# [DESCRIPTION OF THE TASK]
An exact copy of the lines from the top of the data through the line with "Measurement result of" is what you should give, with no pictures in it.

# [DATA EXCERPT]
^^^^^^^^^^^^^^^^

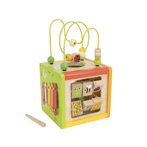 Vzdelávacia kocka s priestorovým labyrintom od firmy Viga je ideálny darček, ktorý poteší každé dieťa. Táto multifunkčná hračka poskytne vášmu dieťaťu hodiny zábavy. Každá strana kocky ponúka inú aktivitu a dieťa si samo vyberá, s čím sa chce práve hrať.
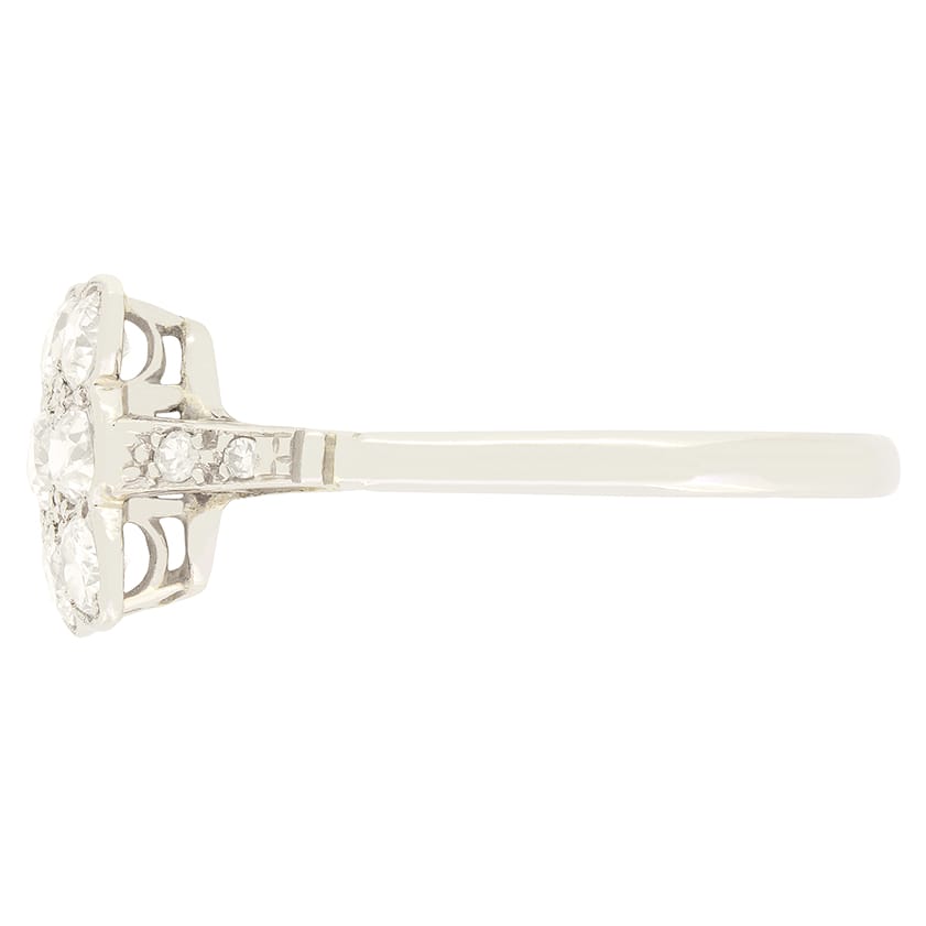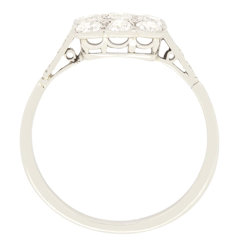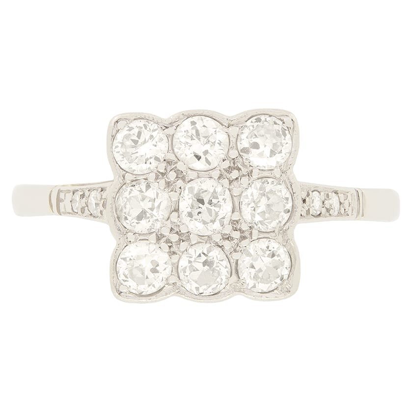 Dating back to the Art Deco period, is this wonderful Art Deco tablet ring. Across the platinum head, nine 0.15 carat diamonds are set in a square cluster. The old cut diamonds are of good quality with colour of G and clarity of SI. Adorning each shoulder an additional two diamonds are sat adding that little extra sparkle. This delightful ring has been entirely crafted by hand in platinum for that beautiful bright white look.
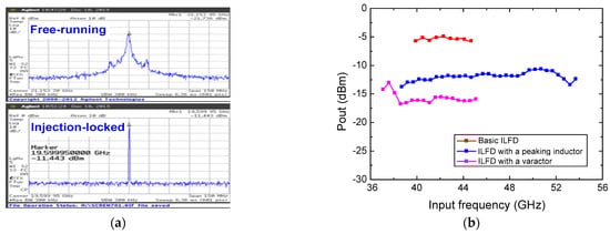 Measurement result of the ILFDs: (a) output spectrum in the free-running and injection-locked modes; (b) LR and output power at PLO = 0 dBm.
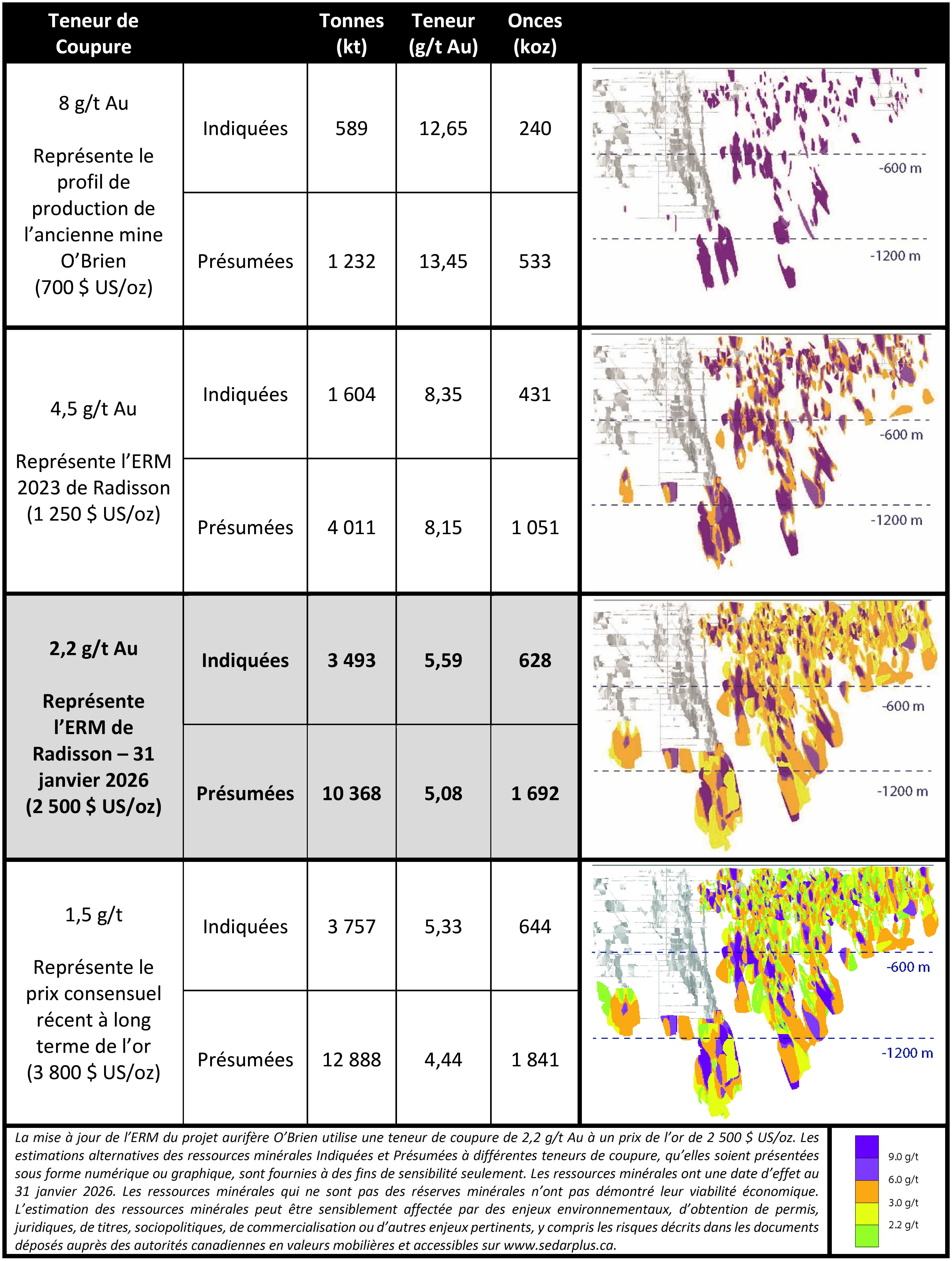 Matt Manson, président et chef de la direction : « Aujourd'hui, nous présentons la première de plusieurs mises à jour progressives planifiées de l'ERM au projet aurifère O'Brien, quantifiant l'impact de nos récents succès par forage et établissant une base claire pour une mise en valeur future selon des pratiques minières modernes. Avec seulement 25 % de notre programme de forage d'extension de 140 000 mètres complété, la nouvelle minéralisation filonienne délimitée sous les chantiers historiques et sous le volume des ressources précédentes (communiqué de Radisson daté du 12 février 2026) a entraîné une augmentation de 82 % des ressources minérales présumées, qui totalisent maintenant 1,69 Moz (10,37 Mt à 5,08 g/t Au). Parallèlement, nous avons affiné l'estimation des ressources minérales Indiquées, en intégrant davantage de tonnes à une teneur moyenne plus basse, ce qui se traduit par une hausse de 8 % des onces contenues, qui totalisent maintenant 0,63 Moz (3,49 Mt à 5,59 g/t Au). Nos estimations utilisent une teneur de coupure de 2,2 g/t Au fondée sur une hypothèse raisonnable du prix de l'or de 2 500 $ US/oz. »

^^^^^^^^^^^^^^^^

# [SOLUTION FOR THIS EXERCISE]
 Vzdelávacia kocka s priestorovým labyrintom od firmy Viga je ideálny darček, ktorý poteší každé dieťa. Táto multifunkčná hračka poskytne vášmu dieťaťu hodiny zábavy. Každá strana kocky ponúka inú aktivitu a dieťa si samo vyberá, s čím sa chce práve hrať.
 Dating back to the Art Deco period, is this wonderful Art Deco tablet ring. Across the platinum head, nine 0.15 carat diamonds are set in a square cluster. The old cut diamonds are of good quality with colour of G and clarity of SI. Adorning each shoulder an additional two diamonds are sat adding that little extra sparkle. This delightful ring has been entirely crafted by hand in platinum for that beautiful bright white look.
 Measurement result of the ILFDs: (a) output spectrum in the free-running and injection-locked modes; (b) LR and output power at PLO = 0 dBm.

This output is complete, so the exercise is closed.